Biostatistics: Introduction to Biostatistics (B300) - Practice Flashcards

Course logistics and access

Course: Biostatistics Introduction to Biostatistics B300 (in-person and online components)
Canvas layout overview:
- Lectures posted just before the lecture (usually the night before)
- Lectures accessible via a PowerPoint file for today’s topic
- Assignments: Homework and quizzes posted under Assignments
- Quizzes: graded online; Homework: graded by TA (to be assigned)

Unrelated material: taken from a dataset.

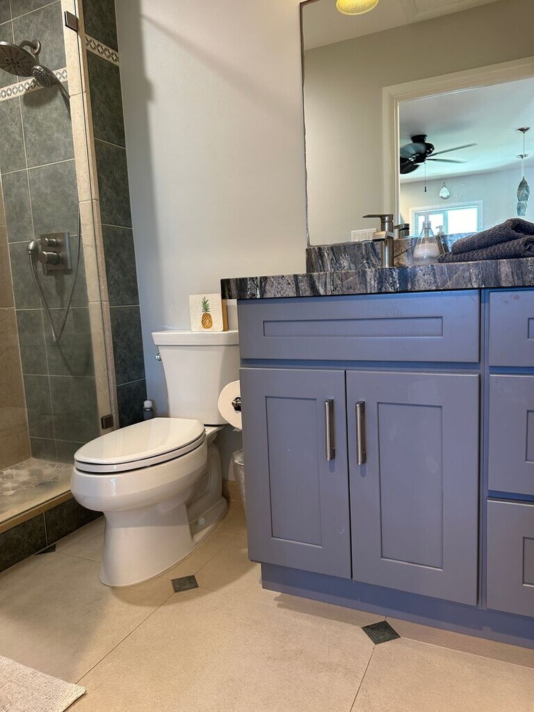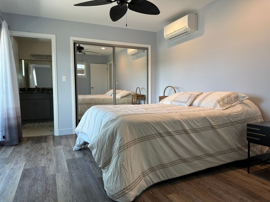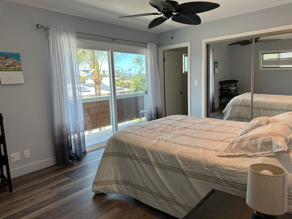 Beautifully appointed 1 bedroom with 2 full baths ADU. FULLY FURNISHED. Located above the garage. Enjoy your large lanai off of the bedroom. Split a/c and ceiling fans. New appliances.

- Syllabus and course information available in Canvas; a separate official syllabus document is posted
- Zoom link available for remote attendance or one-on-one help
- Kaltura Media Gallery: video recordings of lectures (videos go there after posting)
Class participation and attendance:
- Recording the class may influence some students to stay home; the instructor encourages attendance for better learning outcomes
- Attendance tracking may be implemented in the future, but not strictly required for all sessions
Office hours and contact:
- Instructor: Nayus (pronounced like “my goose” as a mnemonic); open to scheduling by appointment
- Office location (RG 6056) and phone; email address: a9@iu.edu
- No fixed schedule of formal office hours; contact for meetings as needed
Class format notes:
- The instructor also teaches two online classes (B300 Fort Wayne and B301 - Biostatistics for Health Information Management) and records lectures for those classes as well
- The class uses a blended format: in-person meetings, online access, and recorded lectures
Textbook and software overview:
- Textbook: OpenIntro Statistics, 4th edition (open-access, low cost)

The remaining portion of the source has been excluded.